Roqbot, a company that was funded with $1.2 million in seed financing this summer, led by Google Ventures, announced Tuesday morning that it's released its mobile app for businesses. The new app allows small businesses, like a local bar or coffee shop, to play music from their mobile phones.
OK. You're probably asking: "Why can't they play music from their mobile phones today?"
They can. But businesses are required to pay performance rights organizations, or PRO's, (ASCAP, BMI & SESAC), to play music publicly. Businesses can pay directly to the PROs, but often they use a business music service, which includes the PRO licenses in a monthly fee, said Garrett Dodge, founder and CEO, in an interview.
These music services, such as Muzak, XM for Business and Music Choice, traditionally deliver the music by CDs or satellite.

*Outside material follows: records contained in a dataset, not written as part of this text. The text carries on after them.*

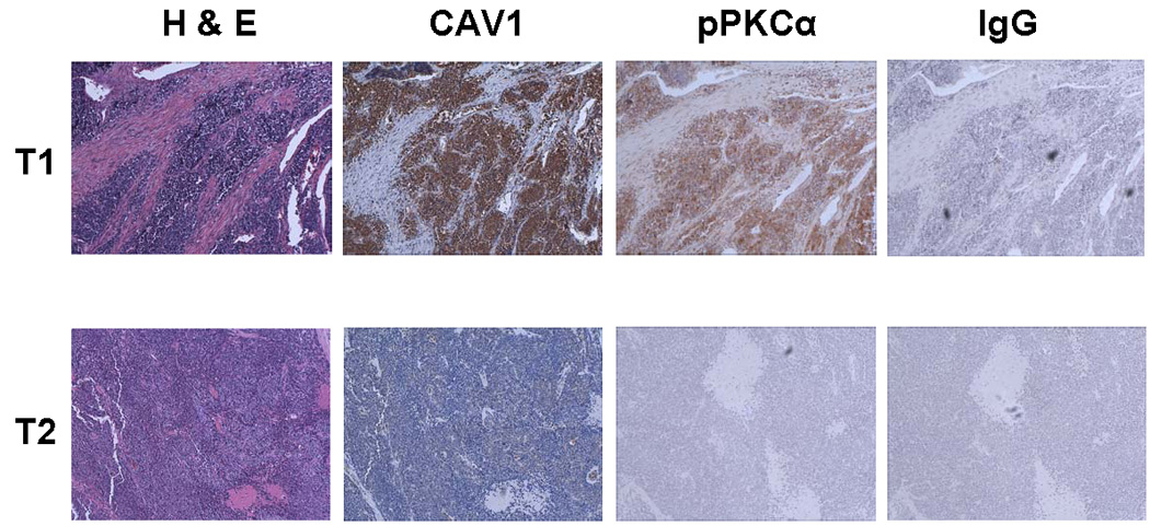 Caveolin-1 (CAV1) has been implicated in the regulation of several signaling pathways and in oncogenesis. Previously, we identified CAV1 as a key determinant of the oncogenic phenotype and tumorigenic activity of cells from tumors of the Ewing's Sarcoma Family (ESFT). However, the possible CAV1 involvement in the chemotherapy resistance commonly presented by an ESFT subset has not been established to date. This report shows that CAV1 expression determines the sensitivity of ESFT cells to clinically relevant chemotherapeutic agents. Analyses of endogenous CAV1 levels in several ESFT cells and ectopic CAV1 expression into ESFT cells expressing low endogenous CAV1 showed that the higher the CAV1 levels, the greater their resistance to drug treatment. Moreover, results from antisense- and shRNA-mediated gene expression knockdown and protein re-expression experiments demonstrated that CAV1 increases the resistance of ESFT cells to doxorubicin (Dox)- and cisplatin (Cp)-induced apoptosis by a mechanism involving the activating phosphorylation of PKCalpha. CAV1 knockdown in ESFT cells led to decreased phospho(Thr(638))-PKCalpha levels and a concomitant sensitization to apoptosis, which were reversed by CAV1 re-expression. These results were recapitulated by PKCalpha knockdown and re-expression in ESFT cells in which CAV1 was previously knocked down, thus demonstrating that phospho(Thr(638))-PKCalpha acts downstream of CAV1 to determine the sensitivity of ESFT cells to chemotherapeutic drugs. These data, along with the finding that CAV1 and phospho(Thr(638))-PKCalpha are co-expressed in approximately 45% of ESFT specimens tested, imply that targeting CAV1 and/or PKCalpha may allow the development of new molecular therapeutic strategies to improve the treatment outcome for patients with ESFT.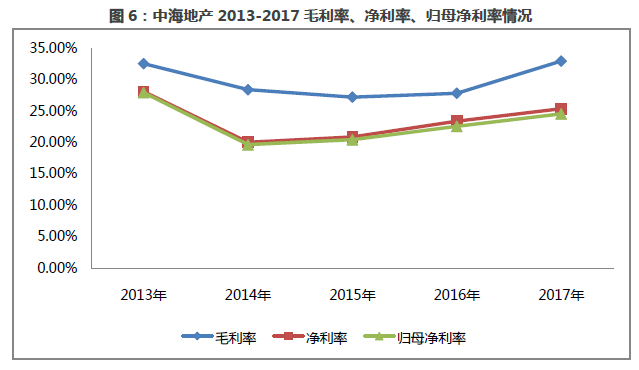 2017年中海地产的盈利水平再上一个台阶,毛利率达到了32.94%,较2016年增长了5.12个百分点;净利率达到了25.38%,较2016年增长了1.98个百分点,核心净利润率为19.55%,同比上升了4.19个百分点。之所以中海地产利润率较高,一方面是因为其在项目选择上更为注重利润空间,此外中海也有从项目拿地到开发建设的全产业链业务,从而能够更好地控制成本。2017年中海的三费费用较往年也有所缩减,三费费用率仅为4.33%,相比2016年的5.25%下降了0.92个百分点。利润的注重、成本的控制以及较低的三费费用率,得以让中海的盈利水平维持在较高水平。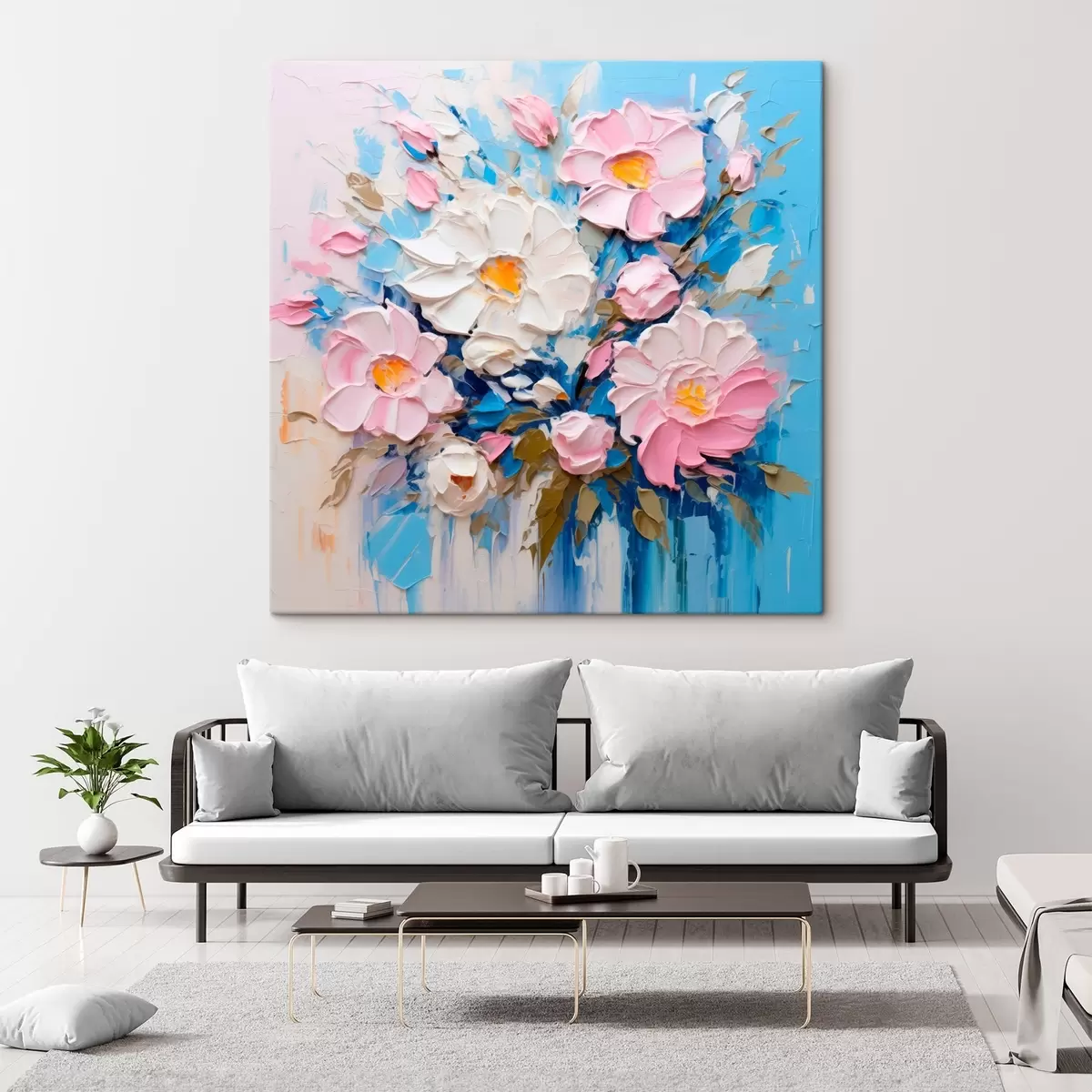 Tableau Composition picturale dans les tons roses et bleus s45538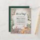Budget-friendly rustic winter baby shower invitation with cute watercolors of woodland animals, florals, greenery and an overlay of gold stars and snowflakes. "It's a Boy!" or "It's a Girl!" and the mother-to-be's name are written in a hunter green script.

But clearly, these services don't provide much customization (enabling a business to create playlists), especially if they're shipping CDs.
You might be asking why then won't a small business just turn on Pandora or Spotify. They can. But those services don't have business licenses to allow other businesses to play music in public, said Dodge. Those services are strictly focused on the consumer.
So if your local coffee shop owner decides to play Pandora from his iPhone for his 10 seated customers sipping lattes and reading newspapers, he would actually be breaking the law, unless he was also paying a PRO about $300 a year to play that music publicly.
Now with Roqbot, which was founded in 2010, Mr. local coffee shop proprietor can download the app, and for $24.95 or $39.95, he has a license to play seven million songs. He can also create playlists, or select from pre-made playlists, and allow people to vote on the songs, making the music a social experience.
The new mobile offering is part of Roqbot's way to get into small businesses.
"The mobile app is a great way for any sized business to sign up for a trial," said Dodge. "I like to compare it to Square (the gadget that turns your phone into a point of sale device). In the old days, people used these bulky systems for point of purchase sales. This is what we’re doing from the business music side.”
Today, Roqbot has targeted bars and restaurants, like Burger King. Roqbot customers either use Roqbot's hardware for a dedicated music system, or software they can upload to their computers. Dodge wouldn't disclose how many customers the company has today.